A solution is to use and modify pre-trained models for your specific task. This is called domain adaptation. There are several ways to do it. For example, Boukkouri et al combined a general embedding and a smaller one learned on their domain. Hu et al fine-tuned a general model on their data. These methods allow using recent models (which needs a lot of data) on some specific domains that do not fit those requirements.
Machine translation is still a huge topic with no less than 46 papers in the main conference (according to the ACL 2019 chair blog post), an entire two-days workshop dedicated to it and Liang Huang invited talk. Liang Huang is a principal scientist of Baidu Silicon Valley AI Lab who talked about the current state of simultaneous translation and Baidu research’s new approach. They were able to do an English/Chinese translation with 3 seconds of delay only. The demo is available here: https://simultrans-demo.github.io/. One can also notice that the ACL best long paper award was on this topic (Zhang et al.)!
Conversational systems (also called chatbots) were also a trendy topic, with 52 papers, a workshop, and the invited talk from Pascale Fung.
Pascale Fung is a Professor at the Hong Kong University of Science & Technology. She presented the state of the art of conversational systems. For her, recent advances are going in three directions: learning to memorise, learning to personalise and learning to empathise. She presented her current work on conversational systems that can empathise, showing that improvements have been made but there is still work to do. She ended with questions about the ethics of this sector: how can we build systems that are secure, safe and fair for all?

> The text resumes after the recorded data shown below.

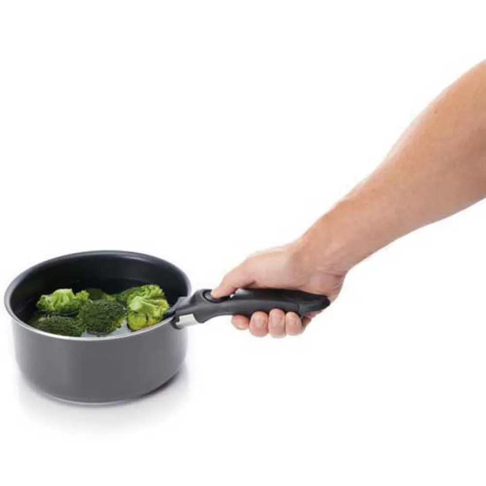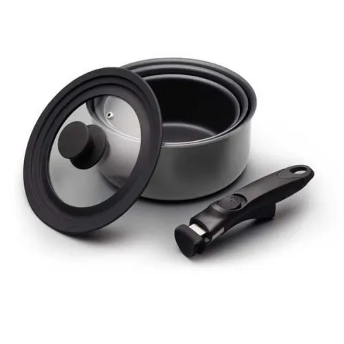 Inget kök är komplett utan ett bra set med non-stick kökspannor redo att hantera knepig bechamelsås för krämiga pastarätter, läckra doftande curry och klassisk vaniljkräm att hälla över puddingar. Men när det gäller att lägga dem undan efteråt kan skåpen bli trångt mycket snabbt. Bli av med förvaringsproblem en gång för alla med detta lyxiga tredelade hopfällbara kastrullset. Detta smarta kastruller tar upp utrymmet för bara en kastrull när den lagras. Kastrullerna lägger sig snyggt ihop, locket som passar alla storlekar sitter ovanpå och handtaget med komfortgrepp kan säkert fästas och lossas med ett enda klick. För att bara lägga till deras mångsidighet kan du också använda köksgrytorna som bakformar för att laga runda bröd av surdegsbröd, morotskaka eller förfriterade mjuka köttbullar marinara.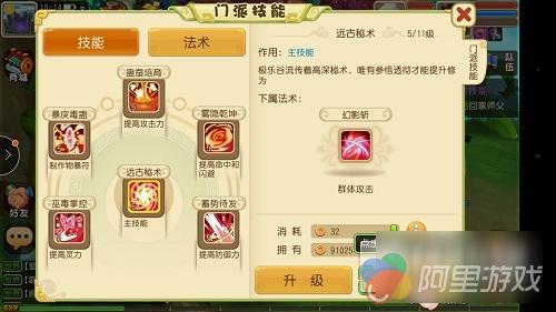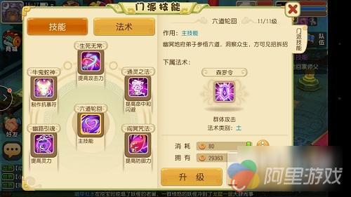 森罗令:土系群伤,判官笔:单攻,可减速敌方;阴阳眼:附加洞察状态;黄泉咒:夜间伤害增加,减敌方魔法;鬼迷魂:几率迷魂,持续伤害且几率嘲讽;还阳术:复活,且增加攻击但防御减少。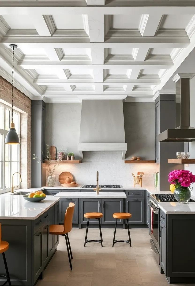 If you prefer a more playful approach, painted ceilings can serve as a canvas for your creativity. Opt for soft hues or bold colors that either complement or contrast with your gray tones, creating an inviting atmosphere. Consider adding intricate patterns, stripes, or even stenciled designs to elevate your kitchen’s charm. Another trendy option is to use a textured finish, such as a subtle metallic sheen or a chalkboard paint, providing a unique twist while remaining functional.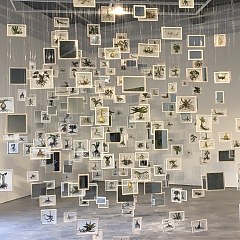 她在画作中描绘了植物相互层叠的场景,加上笔墨的流淌和印记,形成类似花卉之云的形象。在装置中则用刺绣绣出每一株植物并将其装裱,从天花板上垂吊下来,植物在空中悬浮,如同云彩。这些植物写生研习将在展览中展出。

Knowledge graphs are also pretty trendy, they seem to be a good way to add knowledge to models. It can be used for Question-Answering or Conversational systems. The blog post of Michael Galkin makes a review of the most interesting articles in this sector.
Bias in NLP
After recent papers showed that models in NLP are biased (Bolukbasi et al., 2016 ; Caliskan et al, 2017) there is more and more work on what we can do about that, reflected by a session and a workshop during the meeting (https://genderbiasnlp.talp.cat/).

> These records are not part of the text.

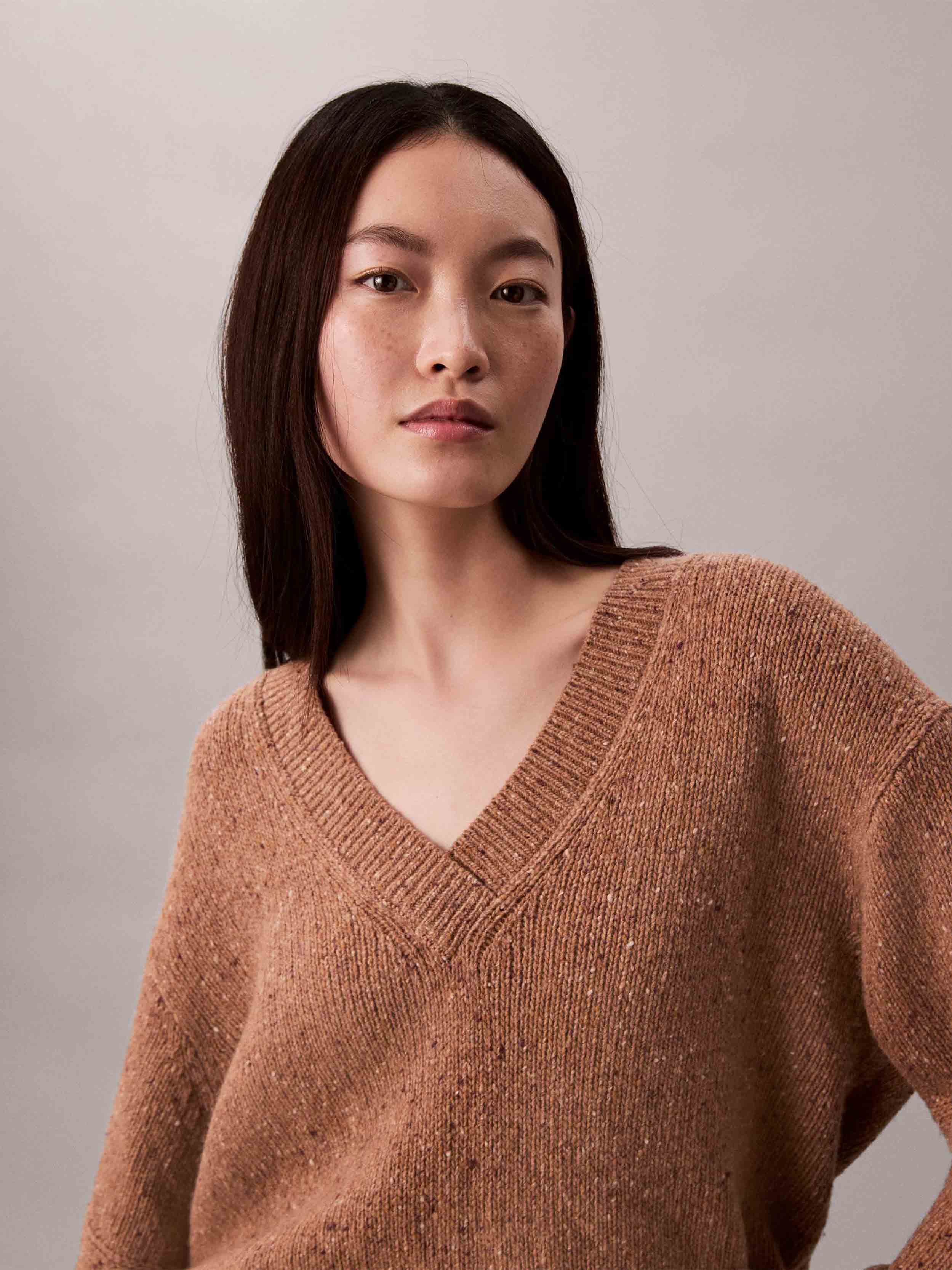 • Calvin Klein Jeans - Women's Chunky Neps V Neck Sweater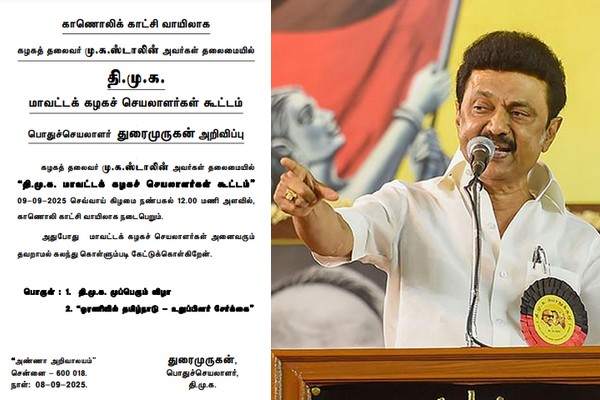 இது குறித்து திமுக பொதுச்செயலாளர் வெளியிட்டுள்ள அறிவிப்பில், “முதலமைச்சர் மு.க.ஸ்டாலின் தலைமையில் “திமுக மாவட்டச் செயலாளர்கள் கூட்டம்” 09-09-2025 செவ்வாய் கிழமை நண்பகல் 12.00 மணி அளவில், காணொலி காட்சி வாயிலாக நடைபெறும் என்று அறிவிக்கப்பட்டுள்ளது.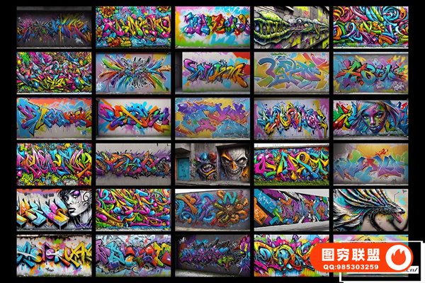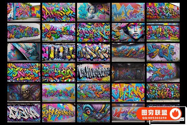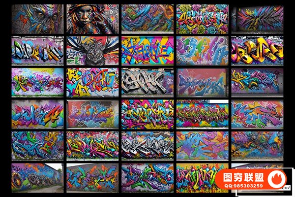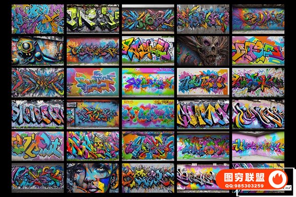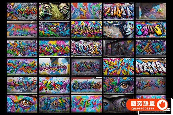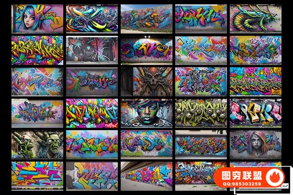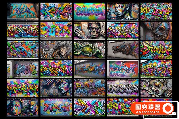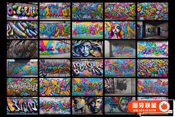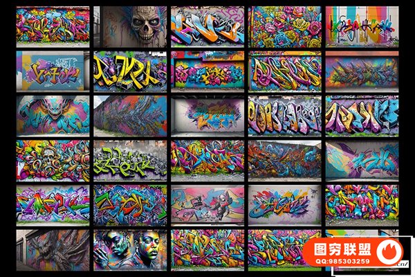 图穷联 » [图片素材]300款AI创作嘻哈HipHop街头涂鸦绘画喷漆墙绘艺术品挂画8K高清图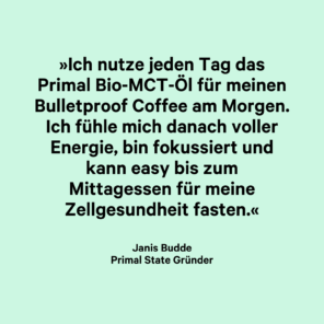“Ich nutze jeden Tag das Primal Bio-MCT-Öl für meinen Bulletproof Coffee am Morgen. Ich fühle mich danach voller Energie, bin fokussiert und kann easy bis zum Mittagessen für meine Zellgesundheit fasten.”

Several works about removing gender bias from models have been previously published. But the work of Gonen and Goldberg explains that, for now, it’s only “Lipstick on a pig”.
We observed two main areas on the topic. Firstly, removing/controlling gender bias in the models (like in automatic translation, Habash et al., Escudé Font et al., Ik Cho et al.). Secondly, measuring bias in the models and society (with articles proposed by sociologists, like Karve et al., Hitti et al., Basta et al., Kurita et al.).
There were several papers about summarization (including our own paper https://arxiv.org/abs/1907.07323) which have been summarized by RecitalAI on their GitHub.
ACL was a great place to measure the trends in the NLP field. As models are becoming better, data scientists are applying them to a large variety of topics including automatic translation, search engine, and chatbots.
As the NLP community and topics are becoming bigger and bigger, we hope that this summary of our biased takeaways from the meeting could help you navigate the nearly 700 ACL papers of this year.